Whatever your opinion is regarding the NATO mission in Afghanistan few people can doubt that the countries involved, of which Germany was one, have a moral obligation to the local staff who helped them in their attempts to build a democracy there over the past two decades.

It is no secret that the Taliban have targeted these people as “collaborators” and threatened to kill them for what they call their “betrayal of Islam”.

But Germany, a country that has built a reputation for itself in recent years as a bastion of humanitarianism, has for months put up bureaucratic roadblocks to make the process of escaping the country as difficult as possible.

Alone among the NATO members, Germany imposed a time limit on who it was prepared to help. Initially only Afghans who had worked with the German army, the development ministry, or foreign ministry over the past two years were entitled to receive a visa to travel to Germany.

Anyone who worked with the Bundeswehr as a translator or with the development ministry as a facilitator in 2018 or earlier was told that they didn’t qualify for protection. This cut-off date is absurdly arbitrary – it is clear that the Taliban would make no such distinction when deciding whether someone was a collaborator or not. They remember very well that they were removed from power in 2001 and not in 2018.

Only this Tuesday due to a public outcry did the foreign and development ministries confirm that people who’d worked for them from 2013 onwards would be flown out. (The defence ministry relaxed its rules a few weeks ago.)

But with the last airlift out of Taliban likely to take place on Friday, the race is now on for these people, who are hiding in terror from the Taliban, to make it to Kabul airport and escape.

‘Botched rescue’

According to Angela Merkel, some 4,600 people have so far been airlifted out of the country, although it is unclear how many of these are locals given that the evacuees come from 45 different countries. But the lucky few Afghans who have made it out have been put through far more trauma than was necessary.
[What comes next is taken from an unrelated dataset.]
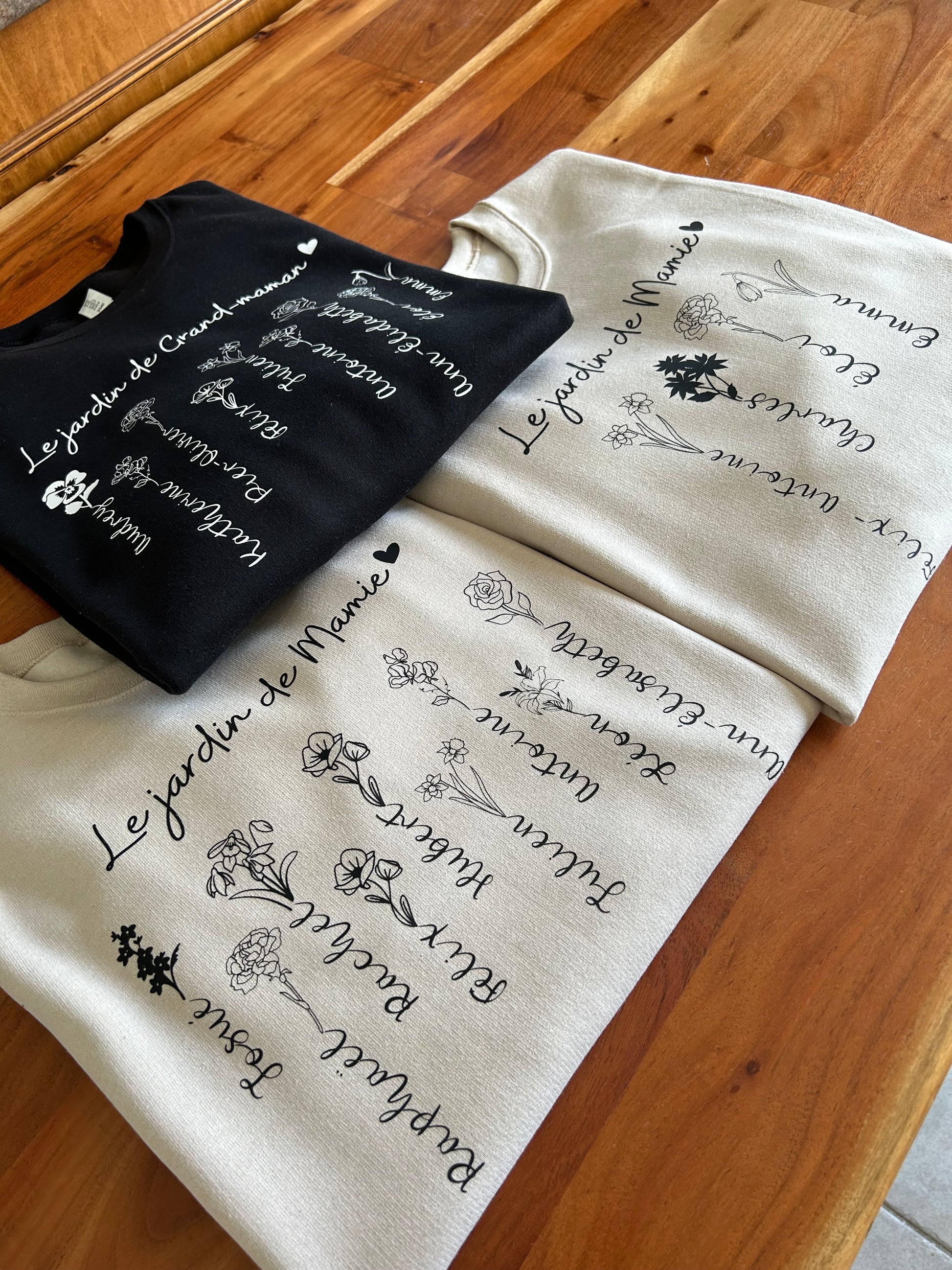 Voici le chandail crewneck manche longue sans capuche « Le jardin de Maman, Mamie, Grand-maman, Tatie, etc. ». Chaque prénom est associé avec la fleur de son mois de naissance.
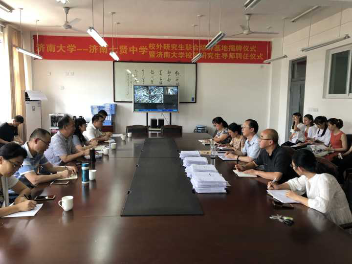 2019年6月27日下午,新葡萄88833官网AMG新葡萄88833官网AMG王本法副院长一行前往济南七贤中学,同七贤中学的领导和老师们一起召开了关于“合作学习”的研讨会。参加会议的有王本法副院长、张素玲教授、张继明副教授、刘福才副教授、魏淑华副教授、乔福强博士以及2018级教育管理专业和心理健康教育专业的全体教育硕士研究生,济南七贤中学参加会议的有校长马千里、副校长李航珍和四位一线老师。

When the Bundeswehr left its base at Mazar-a-Sharif in the north of Afghanistan ahead of schedule at the beginning of July it didn’t take its local staff with it. These people had to wait for their visas to be processed before arranging their own exit from the country.

Within weeks though Mazar-a-Sharif had fallen to the Taliban and local staff were forced to flee to Kabul were they were hidden in safe houses organized by a charity run by German soldiers called the Patenschaftsnetzwerk Afghanische Ortskräfte.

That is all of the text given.